■ Directions for this task: Leaving out the images, return the data below exactly as it is written.

+++ Data block

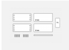
121-20101, S 2xEndkappe - Kunststoff
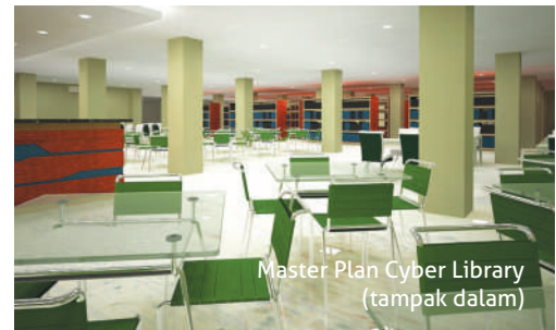
Master Plan Cyber Library (tampak dalam)
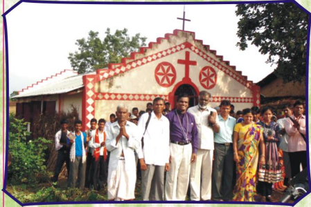
காளகேத், சபை முன்பு விகவாகள் மற்றும் பிஷ்ப் தேவதாஸ் அவர்களுடன் (ம.பி.)

++++++

■ Exercise output:
121-20101, S 2xEndkappe - Kunststoff
Master Plan Cyber Library (tampak dalam)
காளகேத், சபை முன்பு விகவாகள் மற்றும் பிஷ்ப் தேவதாஸ் அவர்களுடன் (ம.பி.)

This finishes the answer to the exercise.